Interview With CEO Edward Franklin At The BOOST Conference: Real Talk On Social Emotional Learning

I peered out into a large crowd of people sitting at tables eating lunch. I walked around for a few minutes trying to find a place to sit. Randomly, I pulled out a chair at a table with a few people chatting and eating. Hungry and eager to listen to the keynote speaker, I looked around to see when lunch was arriving at our table. Shortly after sitting down, the gentleman to my right greeted me with a friendly hello and immediately we sparked up a conversation. We talked about work, where each other lived, and our families. I told him I am a blogger for BOOST Breakfast Club as well as Connecticut Afterschool Network. He chuckled and jokingly said, “you should write a blog about me” I replied, my blogs are mostly about social-emotional learning (SEL). I followed up by asking “Are you guys doing social-emotional learning at your program”? He replied yes.

Once he said yes, I said “let’s do the interview tomorrow!”

When I was looking up questions to ask during the interview, I suddenly realized I had never conducted an interview before, but for some reason, I knew this would be a great way to learn and share the remarkable impact social-emotional learning has on student success.

As I talked with Edward Franklin, President and CEO of Voice of Hope Ministries, he revealed the effects of SEL and how it bridges the gap between personal- emotional development and real-world implementation. Below please find the transcription from our meaningful interview.

Tiana: Can you tell me about Voice of Hope Youth Ministries?

Edward: It’s a Christian faith-based afterschool program located in Dallas, Texas, we focus on character building, life skills, and educational support.

Tiana:  I am very interested in learning about what social-emotional means to you?

Edward: As you already know, SEL is not a relatively new concept, but it grew in its significance in helping children learn how to self-regulate their emotions. As a faith-based program, we were always aware of the social-emotional component in a child’s life. For example, we know its important for children to understand their emotions and control their anger. Feelings are natural and real but let’s be honest; most of us don’t know how to manage our emotionsIn the past, we would tell kids to pray or walk around the church to help them release their anger. But now, we have tapped into educational resources that are assisting in supporting us with emotional management at our programs.

Tiana: What are some of the resources your programs use for SEL?

Edward: In Dallas, we have the Momentous Institute; they are like the gurus of social, emotional learning. We use their curriculum “Huddle UP”. One of their favorite strategies when it comes to helping kids understand emotions is the idea of the glitter ball. When we shake it up, it becomes cloudy and hard to see through, but if we take a minute to let the glitter settle, we can clear our minds and be calm and make the right decisions. In addition to using these resources, our primary source are bible scriptures and breathing techniques.

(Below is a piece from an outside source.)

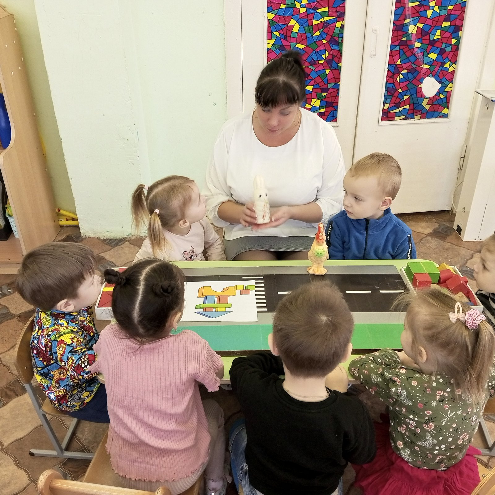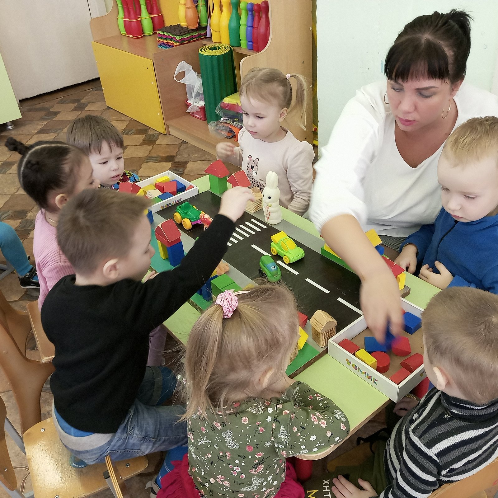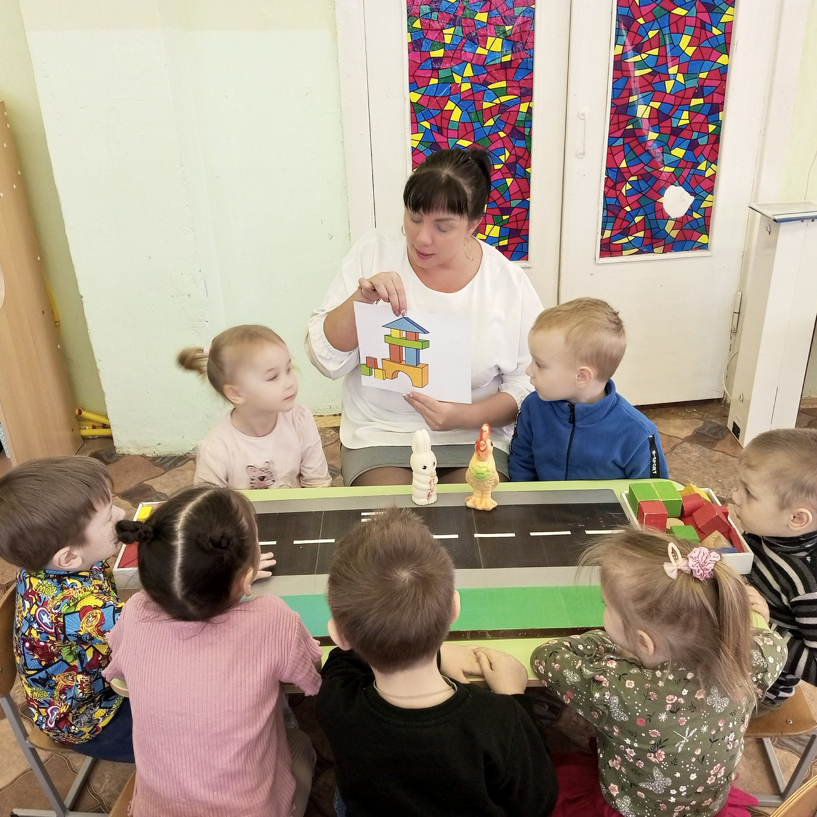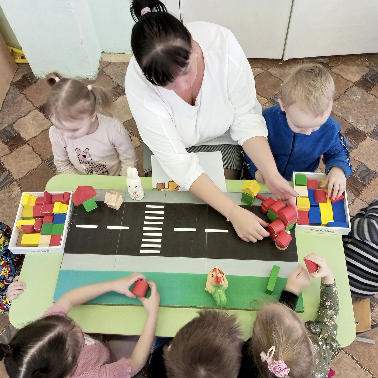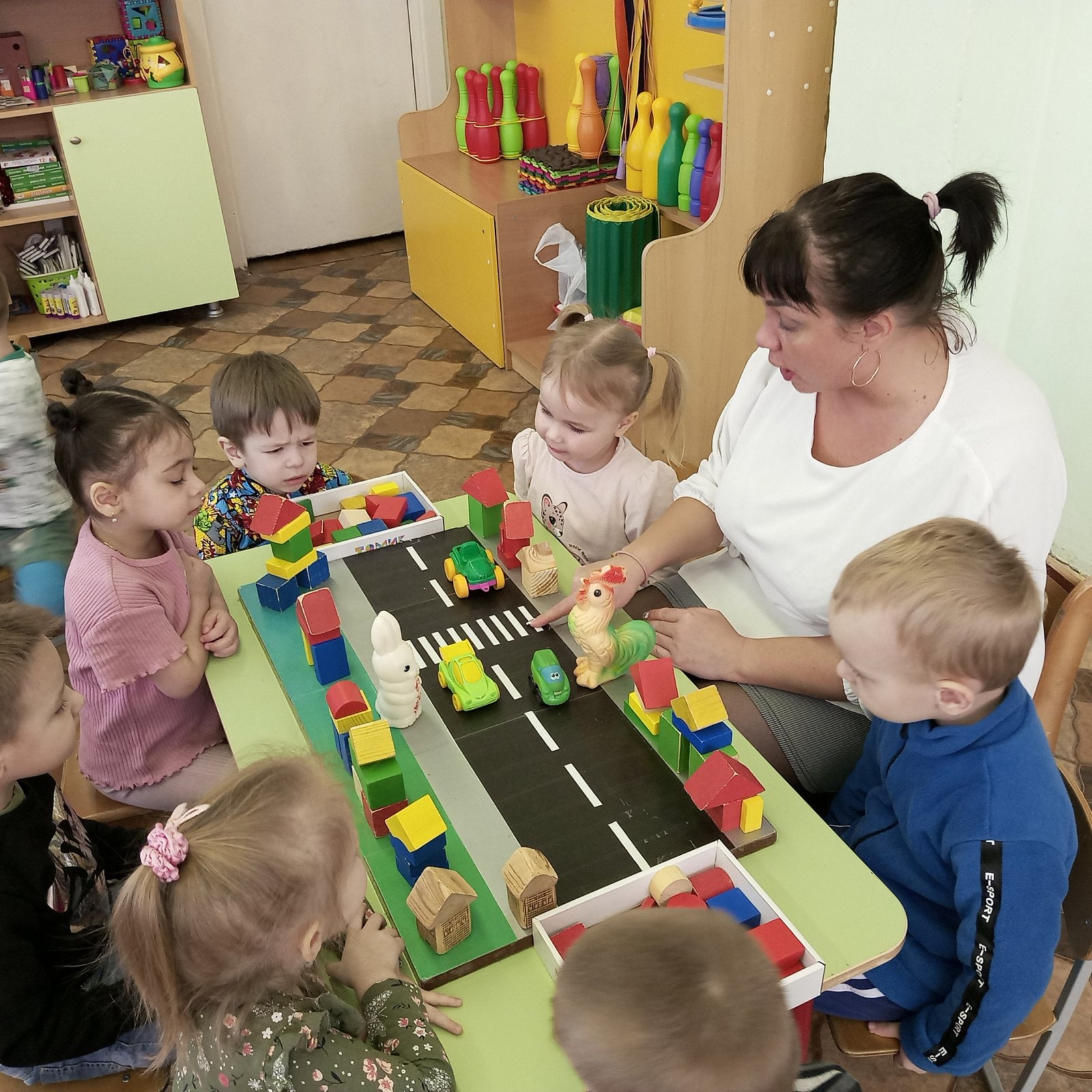 В такой прекрасный солнечный день к ребятам из группы «Солнышко» пришел в гости Зайчик и Петушок. Они просят помощи у ребят. Каждому зверьку нужен свой крепкий домик. Они хотят жить в городских домах. Зайчик рассказал ребятам, что хочет поселиться на другой стороне дороги от петушка. Но сказочные звери не знают, как строить дома и из чего. Ребята очень обрадовались и захотели с огромным удовольствием помочь зайчику и петушку. Они предложили нашим сказочным гостям сделать постройки из конструктора, ведь кубики разнообразны по форме и цвету, по разным сторонам дороги. Ребята повторили со сказочными героями правила дорожного движения. Рассказали, как правильно переходить дорогу по пешеходному переходу, дома получились красивыми и крепкими.

Tiana: Do you feel like SEL works?

Edward: Back in the day we never were taught the skills to manage our emotions. I see it working for my students but especially with my 14-year-old daughter. When she gets angry, she does breath exercises. She says “Dad, did you see that social and emotional working”? I replied, yes, I did.

(End interview)

For me, this interaction is the spirit of the BOOST Conference. I took away so much from the overall conference but most importantly was able to network with other professionals and engage in meaningful interactions.

Attendees enjoy uniting and learning with fellow afterschool professionals, expanded learning, and out-of-school time professionals. For even the shyest conference-goer, you can expect to enjoy kicking back and engaging in some stimulating discussions about life, family, and our work.